# will a 20lb bag of black sand be enough for my tank



## dr2391 (Feb 11, 2009)

the dimensions are 36X12 and im looking for about 1.5" sand bed. i jus bought a 20lb bag and was planning on mixing it in with my white but im thinking on jus going all black. its pretty expensive since i live in alaska and only one place had it for $40 a bag


----------



## DJRansome (Oct 29, 2005)

From the article in the library:



> I recommend using at least 2" of substrate in your tank. This is equivalent to 1 pound of gravel or 2 pounds of sand for every gallon of water.


I would not do 2" however. But gives you an idea of how much to buy.


----------



## dr2391 (Feb 11, 2009)

no that doesnt make sense tho because theres different variations of tanks that hold the same amount of gallons but have different lengths and widths so one 55 gallon will need more than another 55 gallon. so coming up with the amount of sand needed should not be based on gallons it should be based on the dimensions of the base of the tank


----------



## tylersweeney22 (Jan 11, 2010)

pretty much ill give an example real quik wich i use my self if someone want to correct me go for but it works for me..say you have a 90 gallon aquarium well the 75 gallon has the same footprint as the 90 so i would do is use that 1# per gallon on the 75 gallon side you see what i mean . ill tell you i have about 1.5" in a standard 10 gallon (20x10) for my nano reef i only used half a 20# BAG i would recomend 2 bags


----------



## JWerner2 (Jul 7, 2008)

IMO 20lbs is not enough for that foot print.
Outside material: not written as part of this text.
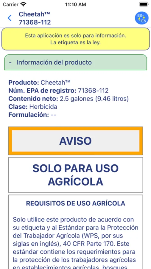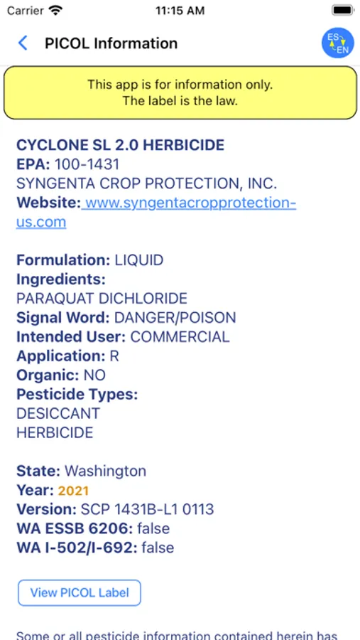 The app is for information and educational purposes only. It is not a substitute for obtaining and understanding the information on the pesticide labels. The information in this app has NO legal status. Remember THE LABEL IS THE LAW.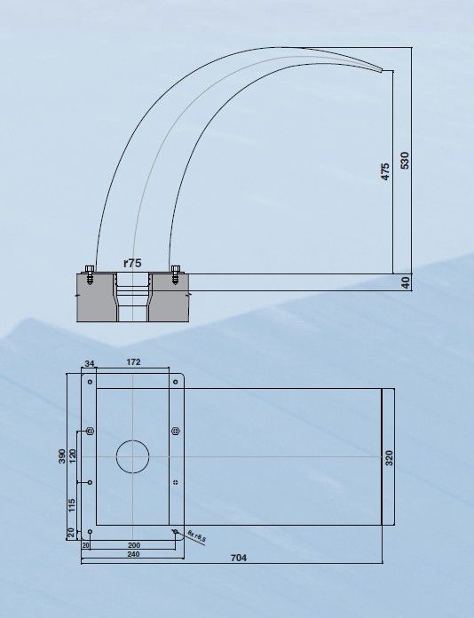 Chrlič Delfín 320 mm, nerez, připojení 75 mm, povrch zrcadlový lesk

I have a 20 long ( 30x12 ) that I recently worked on. I have a 2" thick background in it ( drops it down to 30x10 ) and 20lbs of sand is still barley enough too hold down some plants and I plan on adding more.

If you are doing plants you want more sand then 2" but even if not since you are doing Cichlids I still recommend more to keep the bottom glass from showing as they dig.


----------



## borohands8593 (Apr 15, 2009)

I used 30lbs on a footprint 13X24inchs and it gives me about a 1.5inch sandbed.


----------



## tarpleyg (Jan 4, 2010)

If it helps, I used a 40# bag to get 2-3 inches all over that same size tank recently so you're going to be a little bit short to get 1.5".

Greg


----------



## frozennorth (Dec 16, 2008)

There is a sand bed calculator in the library section of this site. Also if you have a lot of rocks covering the bottom you would need less sand. Why don't you just use one bag for now and see if it is enough.


----------



## borohands8593 (Apr 15, 2009)

I would just buy the second bag, you may not need the whole thing but its always nice to have extra to add as you slowly get lower from water changes. Although we dont vacuum a sandbed like a gravelbed you vacuum right above it and minimal sandloss is almsot unavoidable, hence the need to clean the sink after each watchchange because of sand particles


----------